Hundreds of Installs in Europe
GeoKOAX probes have been installed throughout Europe in the last 10 years and have shown to be valuable alternatives to fossil fuel and nuclear sources for heating and cooling. GeoKOAX installed over 1,200 jobs ranging from 5-ton single family residences to large-scale 5,000-ton commercial buildings in all types of soils. In North America, the first residential installation of a geoKOAX probe was recently done in Pennsylvania. The system was designed to heat and cool the house and provide all hot water. Two 250-foot boreholes 35 feet apart were installed in series coupled with a Climate Master Trilogy heat pump. The system was sized using the geoSIM software from geoKOAX along with the GeoDesigner software from Climate Master.
A complete cost analysis of the project is not available at this time. However, the owner requested two invoices from the same installer for comparing the installation cost of the two 250-foot geoKOAX probes for a total of 500 feet of 7⅞-inch diameter borehole, to that of the equivalent U-bend configuration, which would have included five 6-inch, 200-foot holes for a total of 1,000 feet. The comparison of the two invoices shows a reduction of 37.5 percent in favor of the coaxial configuration.
The boreholes were drilled using a PDC bit. The hydrogeology of the site showed that three aquifers were penetrated and properly sealed to prevent potential cross-contamination by the advanced grout composed of a mixture of 70 percent limestone/dolomite aggregate and 30 percent bentonite.

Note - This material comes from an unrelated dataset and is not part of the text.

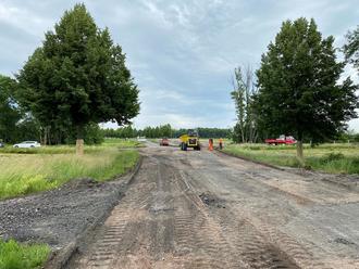 Auf der südlichen Gießereistraße bzw. „Ersatzstraße“ waren durch die hohe Frequentierung durch Schwerlastverkehr bereits zahlreiche Risse an der Asphaltdecke zu erkennen. Dieser Teilabschnitt wurde Anfang Juni 2024 gefräst (siehe Bild) und soll in den nächsten Wochen einen neuen Asphaltaufbau erhalten.
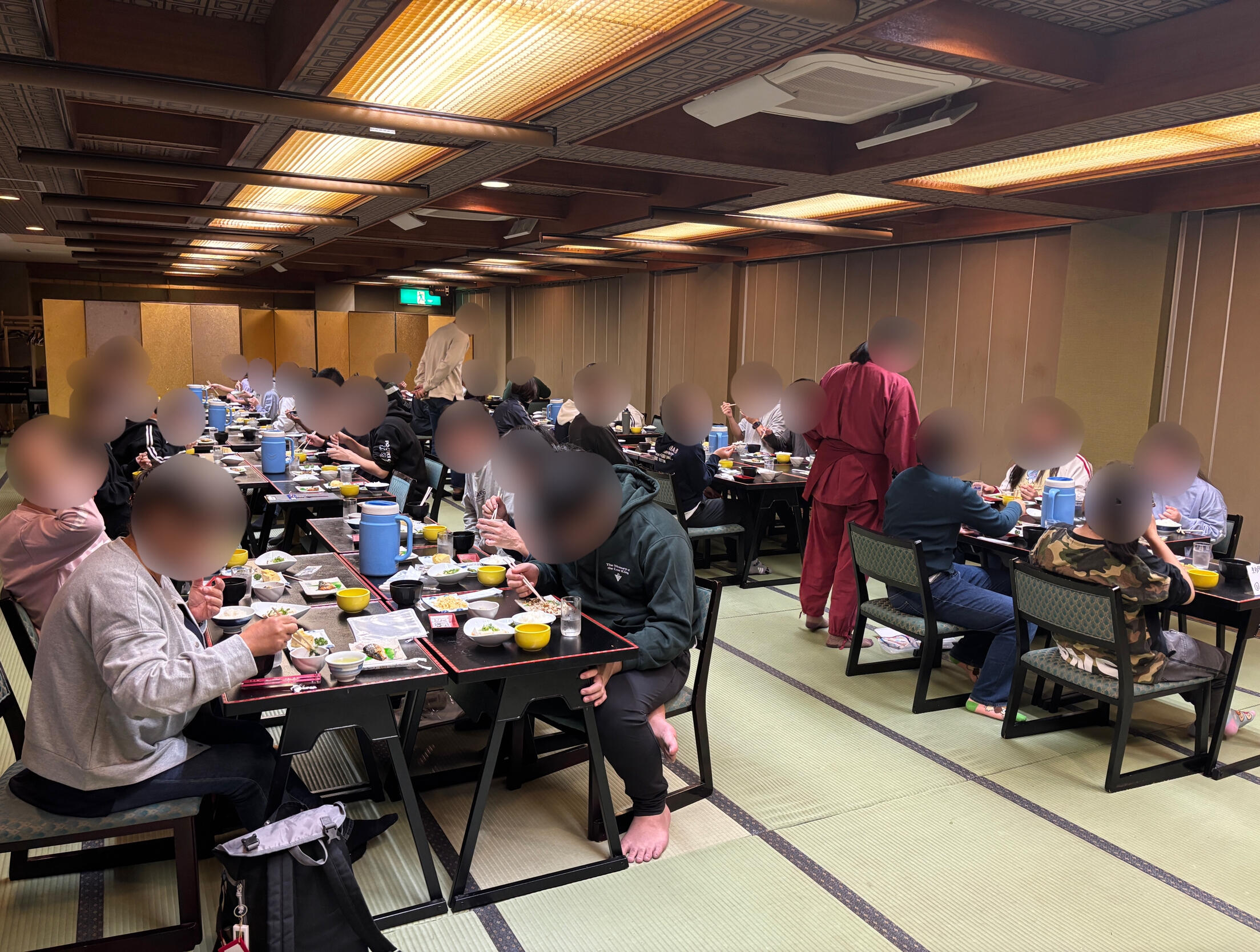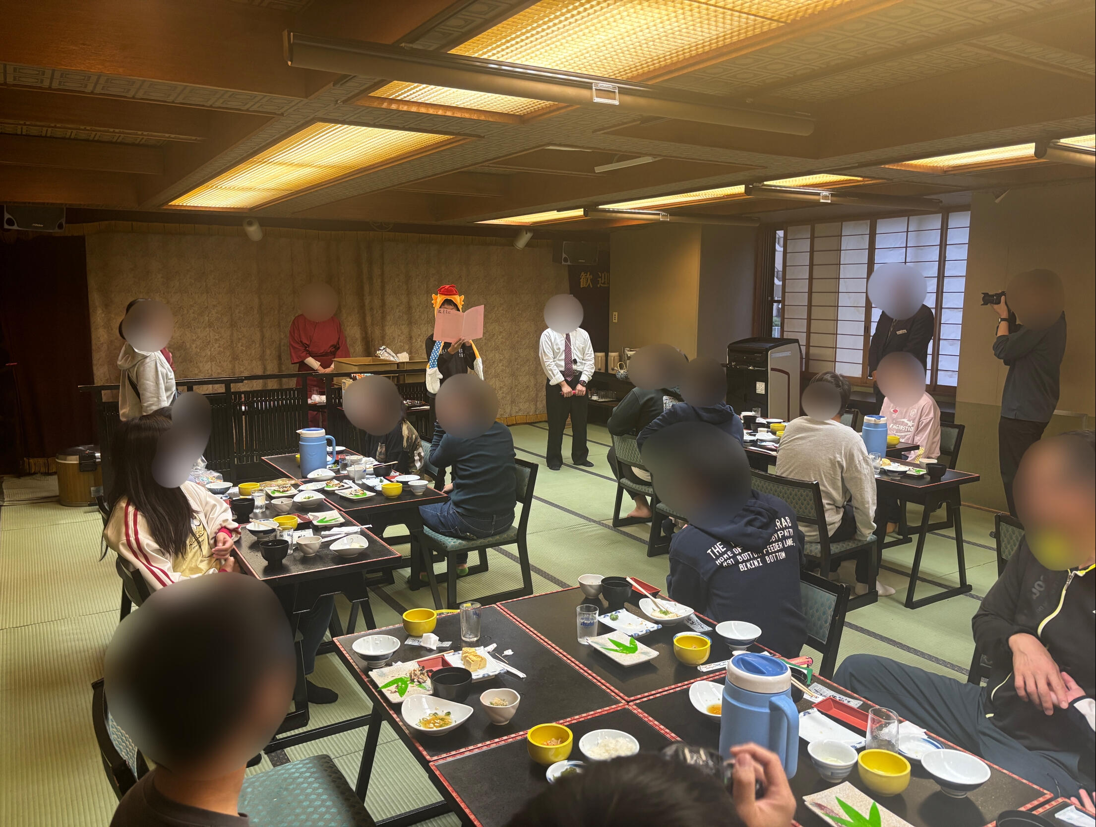朝食は、昨日よりは少しおとなしめのスタート。食が進むにつれ、笑い声も聞こえてきました。食後、会場にて閉所式。生徒代表の合図で旅館の方へ「ありがとうございました」と全員でお礼を伝えました。

A standard winch and drill truck were used to install the two probes in four hours.
The coaxial pipe comes in 15-foot sections that are fused on site. The fusion process is either done section by section as the pipe is being inserted into the borehole (this option is used in tight lots), or the entire pipe is fused horizontally on the ground before insertion. Using the latter option, the winch truck lifts the entire pipe, which then bends into a large arch to allow insertion into the borehole as gravity takes over (see photo).

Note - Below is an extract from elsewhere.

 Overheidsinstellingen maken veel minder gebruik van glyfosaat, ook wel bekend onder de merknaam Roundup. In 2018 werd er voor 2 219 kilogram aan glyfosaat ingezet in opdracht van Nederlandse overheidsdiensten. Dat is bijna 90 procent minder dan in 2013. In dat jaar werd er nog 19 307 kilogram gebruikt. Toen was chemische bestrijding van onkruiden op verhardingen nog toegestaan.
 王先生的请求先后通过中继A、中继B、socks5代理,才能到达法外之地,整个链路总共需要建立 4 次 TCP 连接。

A formation thermal conductivity test was performed using the “line source” method of data analysis in the summer month and found a conductivity of 2.02 Btu/hr-ft-oF and the average thermal diffusivity, undisturbed formation temperature, and bore thermal resistance were measured at 1.41 ft2/day, 52.7oF, and 0.118 hr-ft-oF/Btu, respectively.
Pairing the geoKOAX probes with a variable speed heat pump provides an impressive coefficient of performance of 5.5 and a significant reduction of electric consumption compared to conventional heating or cooling systems. The owner decided to go with geothermal heating and cooling as a safe and comfortable alternative to burning propane gas or other fossil fuels. It is also a quiet and reliable alternative to an air-source heat pump, which can fail to provide a comfortable indoor temperature during days of extreme temperature. The geothermal system provides the energy for space heating during the entire winter at a set-point temperature between 71 and 73 degrees Fahrenheit, as well as 100 percent of hot water. The data log shows some of the data recorded during the coldest three days of the winter 2016-2017 in Pennsylvania with outdoor temperatures well below 20 degrees. The indoor temperature fluctuated around 72 degrees. At the coldest hour (i.e., 2 a.m. Dec. 16), the outdoor temperature reached 2 degrees, the leaving water temperature (LWT) reached 35 degrees at a compressor capacity of 36 percent. Overall, the system has performed as expected during the whole winter. The system will continue to be monitored in order to analyze its performance during this summer.